Pathophysiology of Pain and Mechanisms of Neuromodulation: A Narrative Review (A Neuron Project)

Marcin Karcz  1 Alaa Abd-Elsayed  2 Krishnan Chakravarthy  3 Mansoor M Aman  4 Natalie Strand  5 Mark N Malinowski  6 Usman Latif  7 David Dickerson  8 Tolga Suvar  9 Timothy Lubenow  9 Evan Peskin  10 Ryan D'Souza  5 Eric Cornidez  11 Andrew Dudas  12 Christopher Lam  7 Michael Farrell Ii  13 Geum Yeon Sim  14 Mohamad Sebai  15 Rosa Garcia  16 Lucas Bracero  1 Yussr Ibrahim  17 Syed Jafar Mahmood  18 Marco Lawandy  19 Daniel Jimenez  20 Leili Shahgholi  15 Kamil Sochacki  21 Mohamed Ehab Ramadan  15 Vinicius Tieppo Francio  22 Dawood Sayed  7 Timothy Deer  1
Affiliations
Review

Pathophysiology of Pain and Mechanisms of Neuromodulation: A Narrative Review (A Neuron Project)

Marcin Karcz et al. J Pain Res. .

Abstract

Pain serves as a vital innate defense mechanism that can significantly impact an individual's quality of life. Understanding the physiological effects of pain well plays an important role in developing novel pain treatments. Nociceptor neurons play a key role in pain and inflammation. Interactions between nociceptors and the immune system occur both at the site of injury and within the central nervous system. Modulating chemical mediators and nociceptor activity offers promising new approaches to pain management. Essentially, the sensory nervous system is essential for modulating the body's protective response, making it critical to understand these interactions to discover new pain treatment strategies.
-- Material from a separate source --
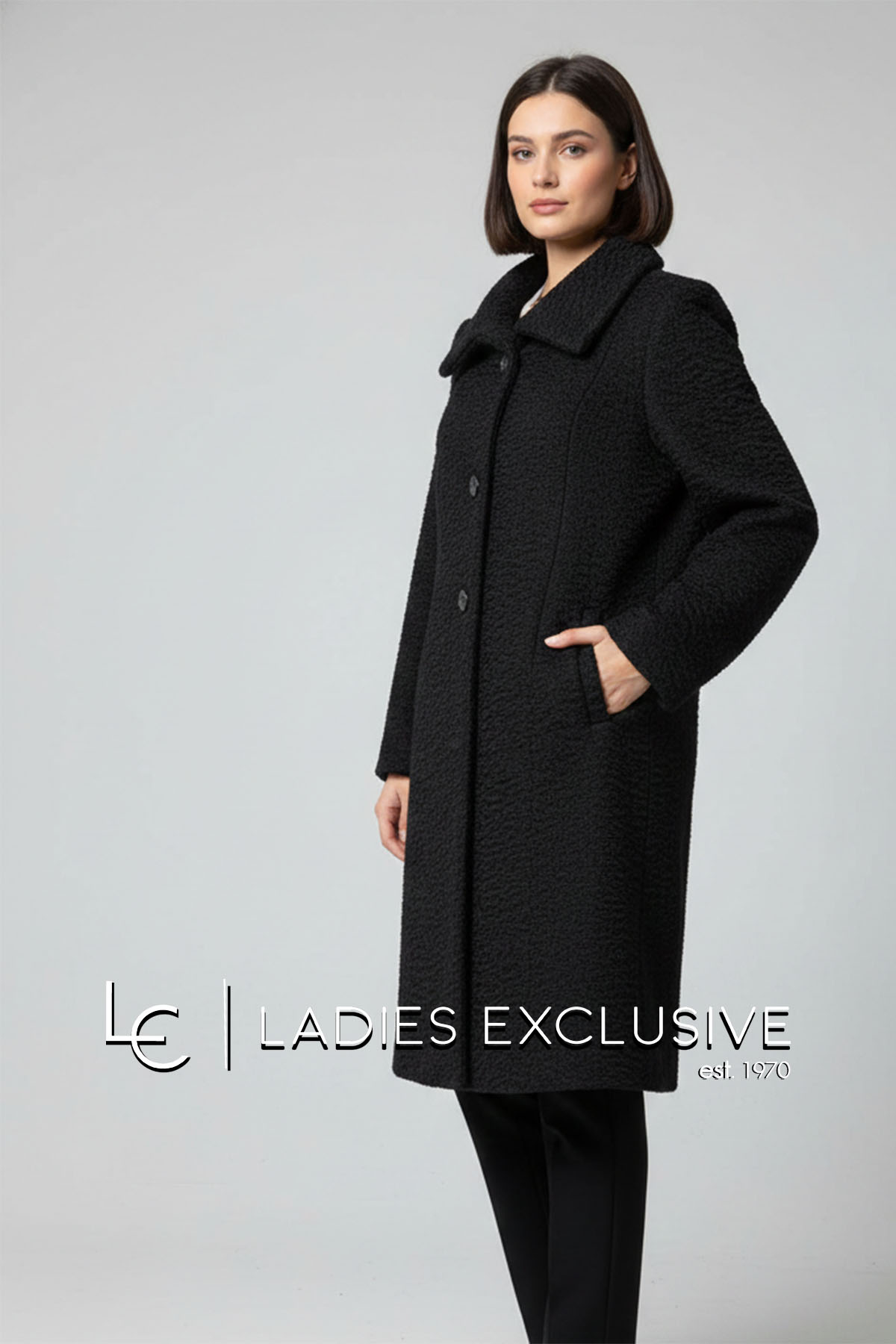 VIDAL Παλτό μαύρο μπουκλέ με μικρά πέτα.

New innovations in neuromodulation have led to alternatives to opioids individuals with chronic pain with consequent improvement in disease-based treatment and nerve targeting. New neural targets from cellular and structural perspectives have revolutionized the field of neuromodulation. This narrative review aims to elucidate the mechanisms of pain transmission and processing, examine the characteristics and properties of nociceptors, and explore how the immune system influences pain perception. It further provides an updated overview of the physiology of pain and neuromodulatory mechanisms essential for managing acute and chronic pain. We assess the current understanding of different pain types, focusing on key molecules involved in each type and their physiological effects. Additionally, we compare painful and painless neuropathies and discuss the neuroimmune interactions involved in pain manifestation.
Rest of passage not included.